Key numbers to keep in mind
- A significant portion of APAC consumers already shop through social and quick-commerce channels.
- Online grocery is expected to experience substantial growth, with AI narrowing the digital shelf for every shopper.
- 42% of global consumers have already tried generative AI tools and use them most often for research and recommendations.
How should brands prepare product data so AI agents can "see" and pick them?
Treat AI agents as a new customer segment that never reads persuasive copy but does need precise, machine-readable facts. A proven 90-day agent-readiness roadmap looks like this:
- Structured product data - feed fields for dimensions, certifications, SKUs, UPC codes, allergens and compatibility.
- Real-time inventory and pricing APIs - any latency here lowers ranking.
- Delivery and returns webhooks - agents favor sources that return exact shipping windows and return policies in milliseconds.
Retailers who expose these capabilities through secure APIs and keep them ≥99.5% reliable will outrank competitors inside agentic recommendation engines.
What new KPIs replace classic marketing metrics in an agent-first world?
By next year, leadership dashboards will pivot from impression and click-through rates to three AI-native indicators:
- Agent visibility index - share of product mentions across major AI ecosystems.
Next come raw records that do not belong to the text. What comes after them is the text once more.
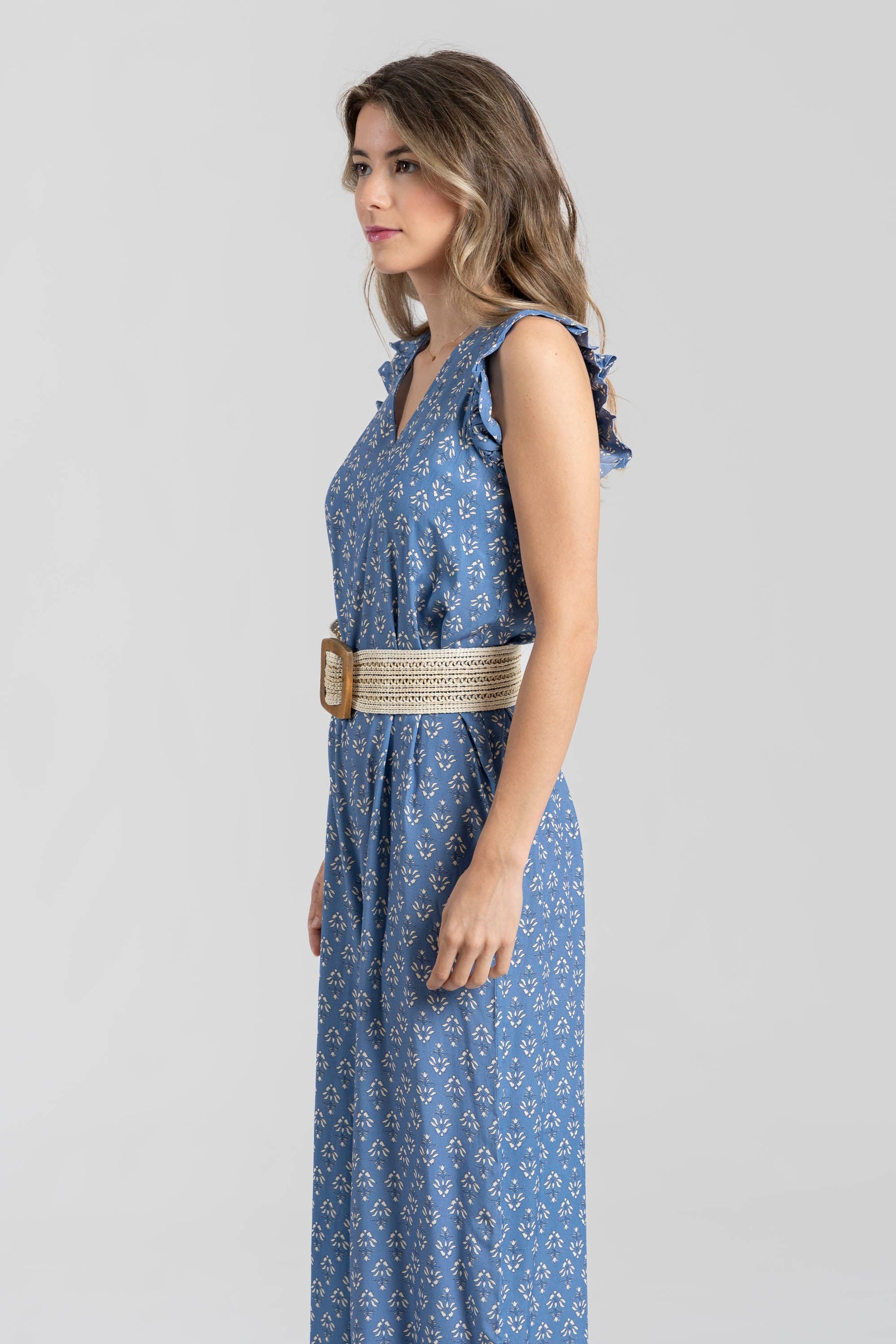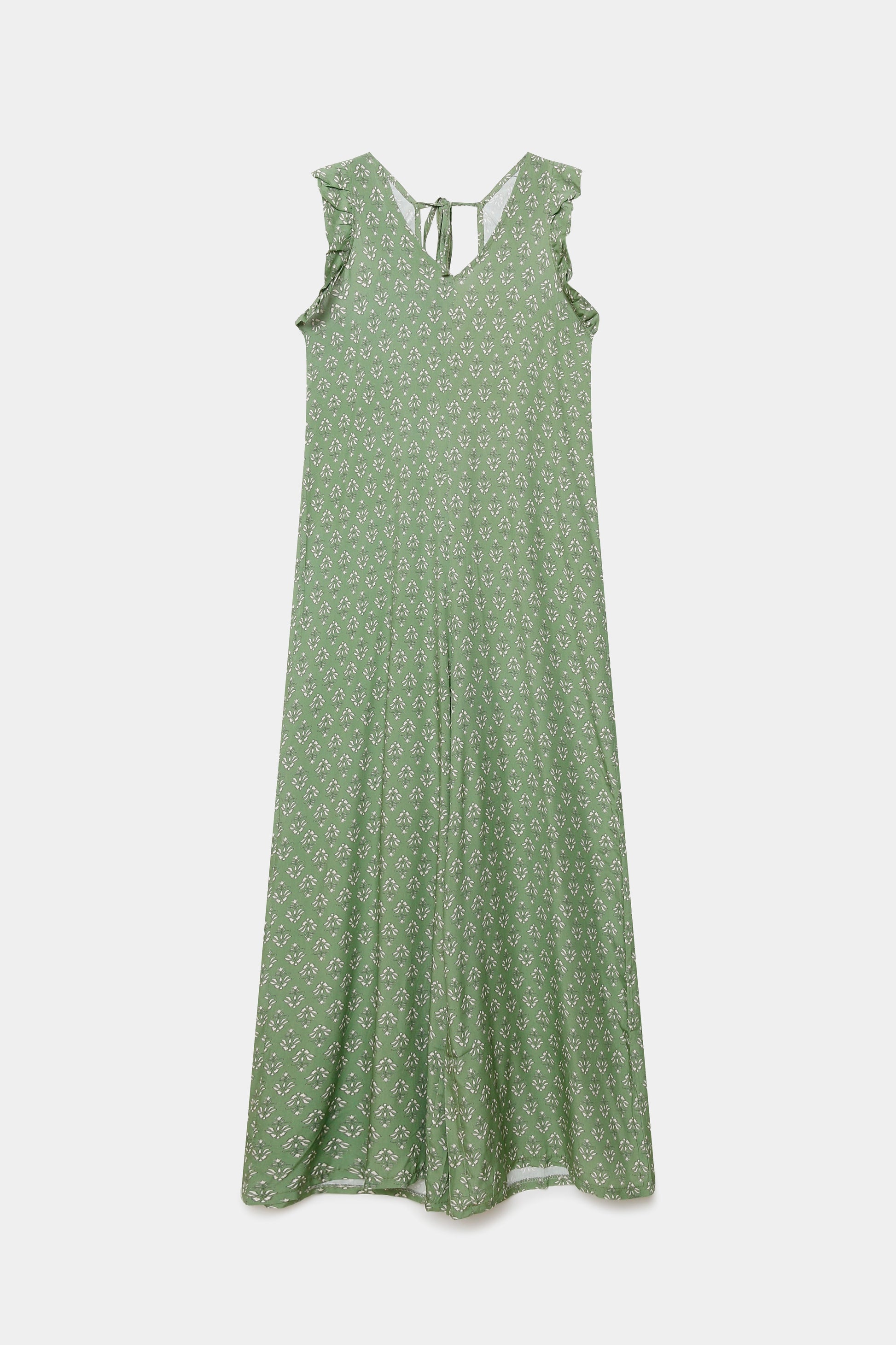 Tejido fluido. Diseño recto. Cuello pico. Sin mangas. Tirante en la espalda. Talla modelo: S. Altura modelo 1,70 m.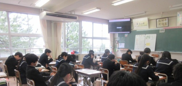 (写真上:2A 英語 聞き取り問題に取り組んでいます)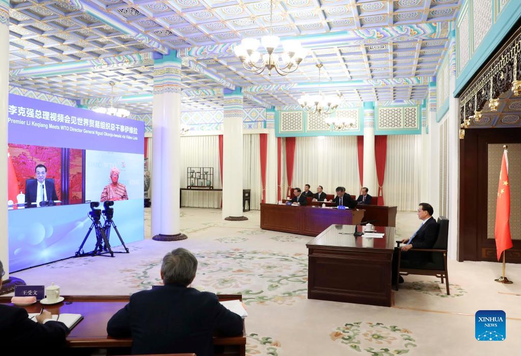 Chinese Premier meets with WTO director-general via video link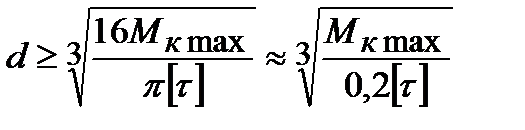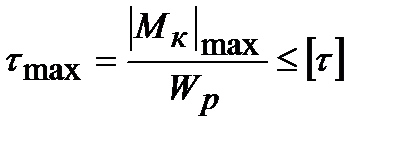 Условие прочности при кручении с учетом принятых обозначений формулируется следующим образом: максимальные касательные напряжения, возникающие в опасном сечении вала, не должны превышать допускаемых напряженийи записывается в виде

- Agent-mediated lifetime value - revenue from repeat purchases made through AI delegation.
- Cross-platform attribution clarity - ability to trace an order back to every AI touchpoint from first recommendation through checkout.
Success will hinge on unified data models that connect CRM, retail media, social commerce and fulfillment events into one analytics layer.
What governance guard-rails do I need before agents start spending my budget?
Deploy a risk-tiered, 3-layer policy that scales as agent autonomy grows:
- Policy layer - define which decisions agents can make alone versus those that require human sign-off.
- Operational layer - log every agent action including order size, discount applied and data source used.
- Assurance layer - quarterly bias audits and continuous drift monitoring to catch pricing or recommendation errors before they scale.
Remember, your organization remains liable for any agent mistake, so naming a single accountable owner for each AI workflow is non-negotiable.
How will the C-suite org chart need to evolve?
Break down the old channel silos. Forward-thinking companies are exploring "Commerce Intelligence" teams that report directly to the CMO and CIO. Its charter:
- own unified data pipelines
- tune product feeds for AI readability
- manage agent visibility and cross-platform attribution
- enforce ethical governance across all agentic touchpoints
This team sits between marketing ops, retail media and supply-chain IT, aligning budgets and KPIs around the new intelligence layer instead of traditional search or store banners.